Tabor is the name of a mountain on the border of Zebulun and Issachar, south-west of the Sea of Galilee (Joshua 19:22); a town of unknown location (Judges 8:18); a Levitical town in Zebulun (1 Chronicles 6:77); and a place near Bethel, known for a famous oak (1 Samuel 10:3).

It's not clear where the name Tabor comes from or what it means. There's no word in Hebrew that comes close to this name. The letter taw with which the name begins may be a remnant of a grammatical form, namely the imperfect of a verb. The question is: which verb?

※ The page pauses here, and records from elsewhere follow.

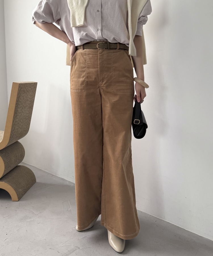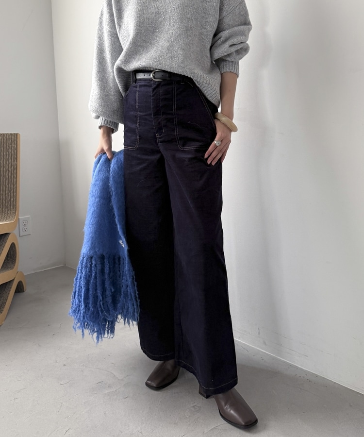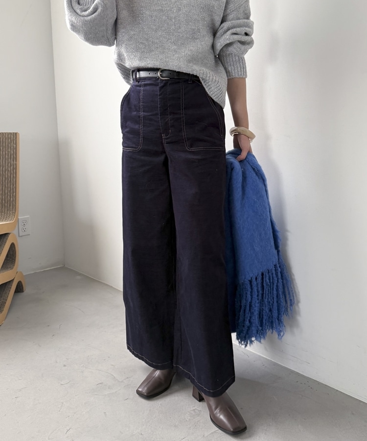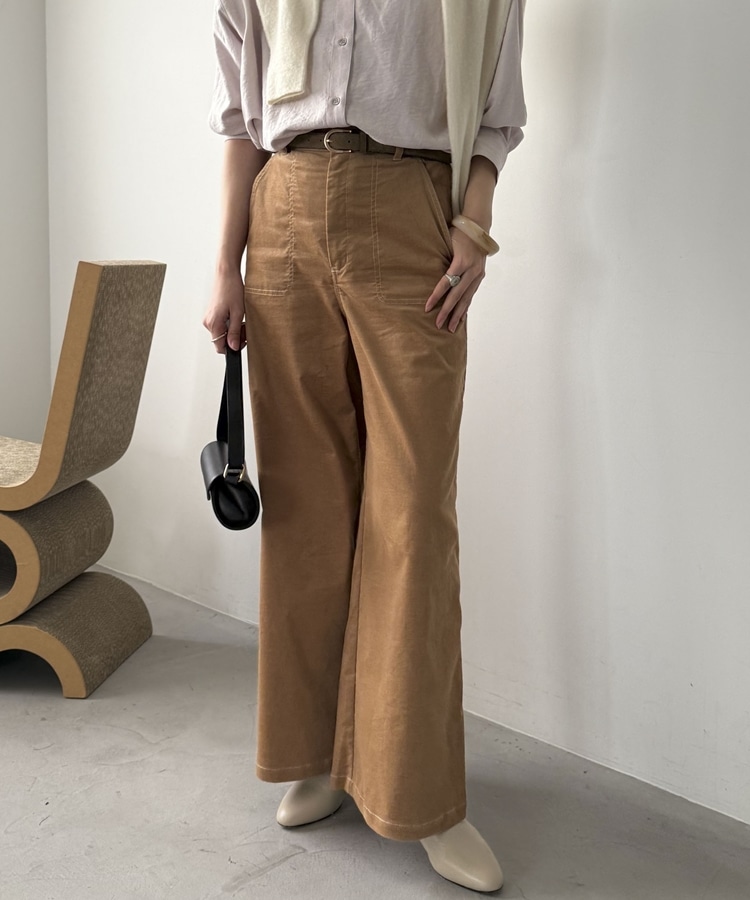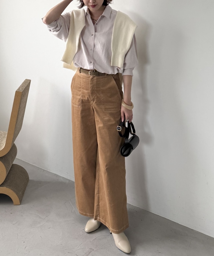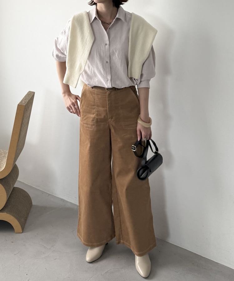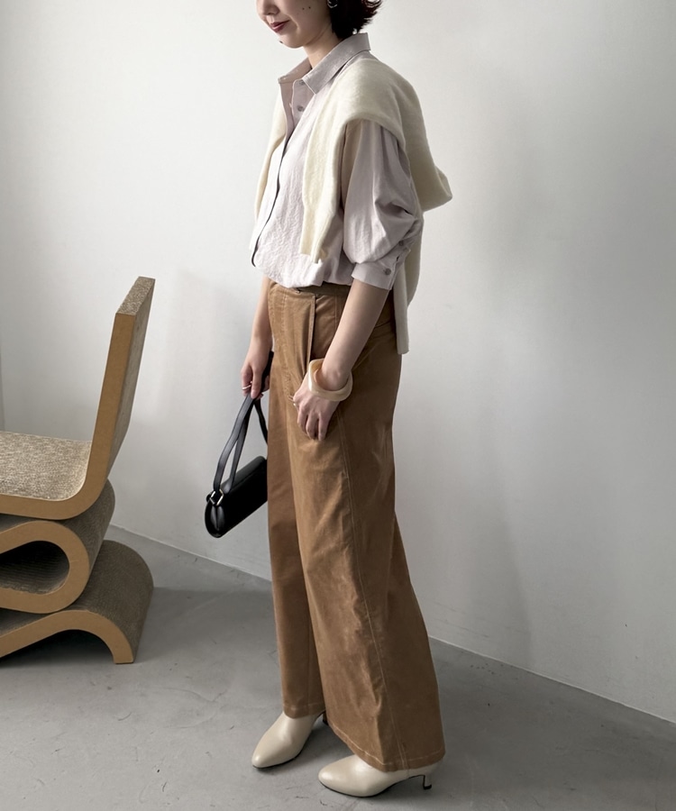 ・カジュアルなデニムベイカーデザインを別珍素材で仕上げ柔らかい秋冬らしい雰囲気に
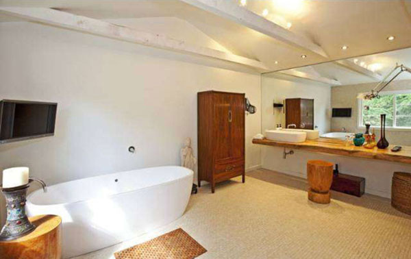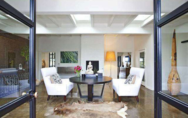Ngôi nhà có diện tích gần 200m2 nhưng nằm giữa không gian sân vườn rộng lớn hơn 30.000m2. Nội thất ấm cúng theo phong cách dân dã.
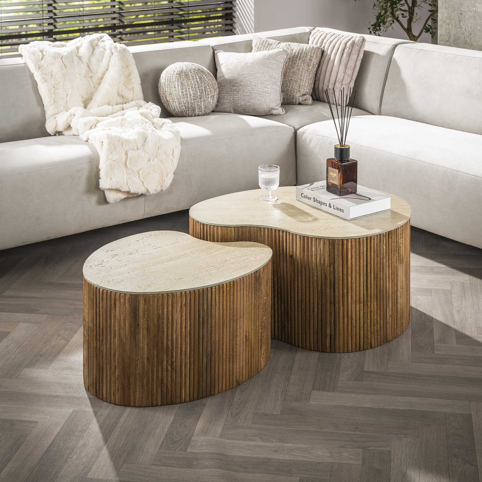 Sæt med 2 Niervormede Sofaborde Mango Sand
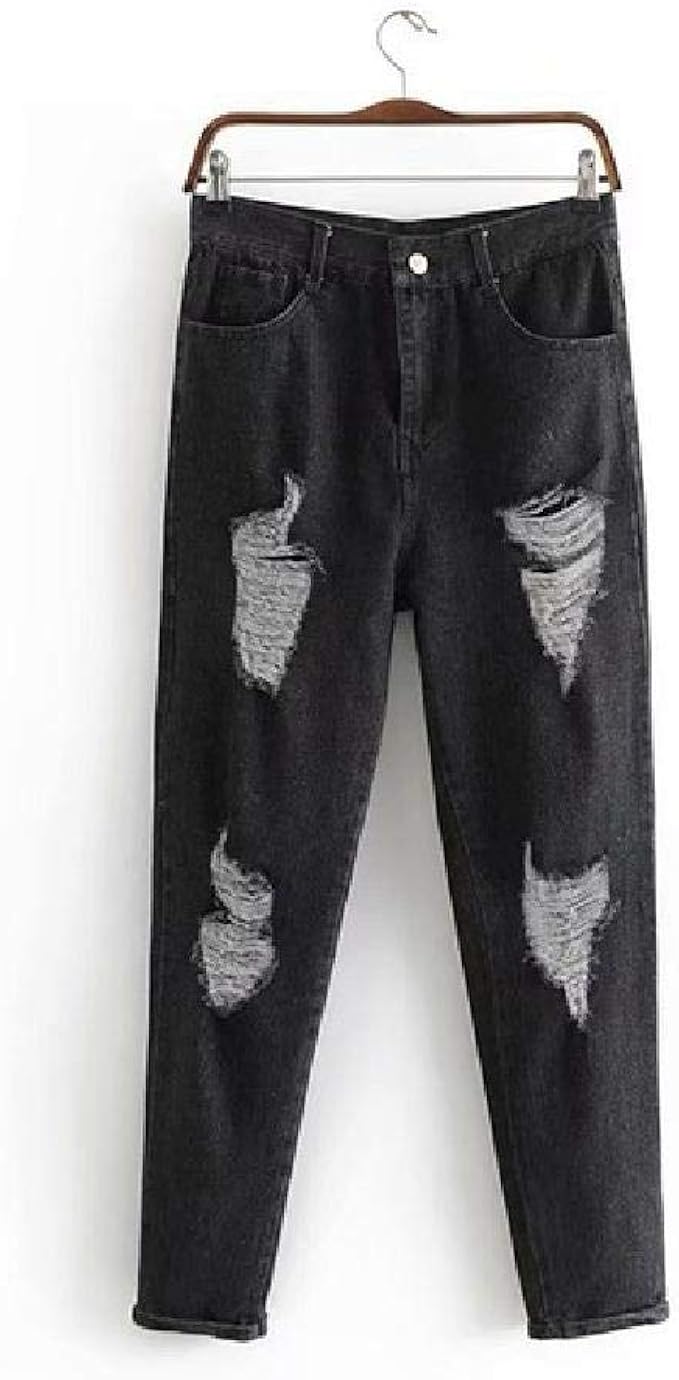 Hddyj Jeans Ripped Jeans Damen Black Female Denim Pluderhosen Amazon De Bekleidung
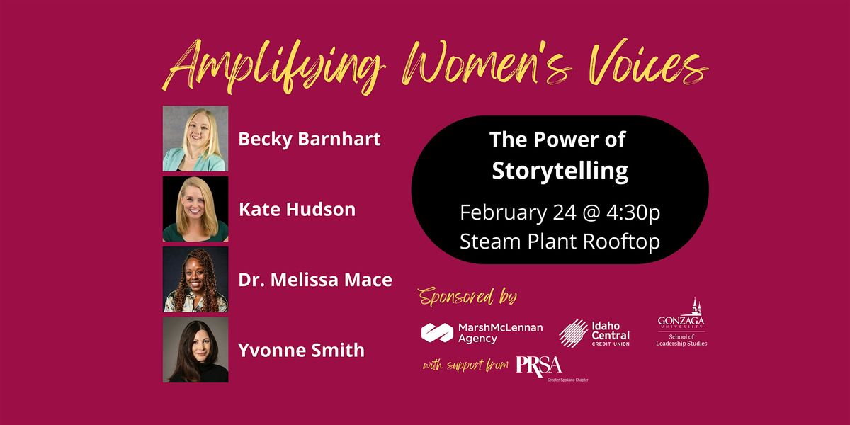 Amplifying Women's Voices is generously supported by ICCU and Marsh McLennan Agency, as well as Gonzaga University's School of Leadership Studies. The Power of Storytelling event is supported by The Public Relations Society of America (PRSA) Greater Spokane Chapter, a professional organization dedicated to supporting and connecting PR and communications professionals in the Inland Northwest. Members gain access to local networking events and professional development resources that improve their skills, no matter their experience level.
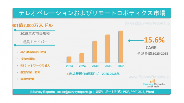 Survey Reports LLCは、2025年7月に『遠隔操作およびリモートロボティクス市場のセグメンテーション:構成要素別(ハードウェア、ソフトウェア)、機構別(可搬型、固定型)、技術別(人工知能、機械学習、仮想現実、拡張現実、シミュレーションおよびデジタルツイン技術)、エンドユーザー別(航空宇宙・防衛、食品・飲料、自動車・輸送、エネルギー・電力、鉱業・建設、小売・eコマース、その他)、用途別(ディスペンシング、溶接・穴あけ、積層造形、マシンテンディング、測定・検査、スタンピング、その他)―世界市場分析、動向、機会および予測(2025年~2035年)』という調査報告書を発表したと明らかにした。この報告書は、遠隔操作およびリモートロボティクス市場に関する予測評価を提供しており、成長要因、市場機会、課題、脅威といった主要な市場ダイナミクスを明らかにしている。

Jones' Dictionary of Old Testament Proper Names takes the name Tabor from the verb barar (barar), meaning to purge, purify or clean. But then Jones translates this verb erroneously with to sever, and the name with Stone-Quarry. Perhaps Jones is aware of a otherwise unknown verb, or the verb exists in other languages and neither Jones nor BDB Theological Dictionary nor any of the other sources used mention it, but in the Bible and to a Hebrew audience, the name Tabor wouldn't bring to mind a stone quarry.

Another possibility is the verb baar (ba'ar), meaning to declare, make plain. This root curiously yields derivations that all have to do with pits or water wells. Derivation baar (bor) means pit, cistern, well. A possible by-form of this verb is bur (bur) meaning declare, explain, prove.

The name Tabor may mean Purifying or Declaring.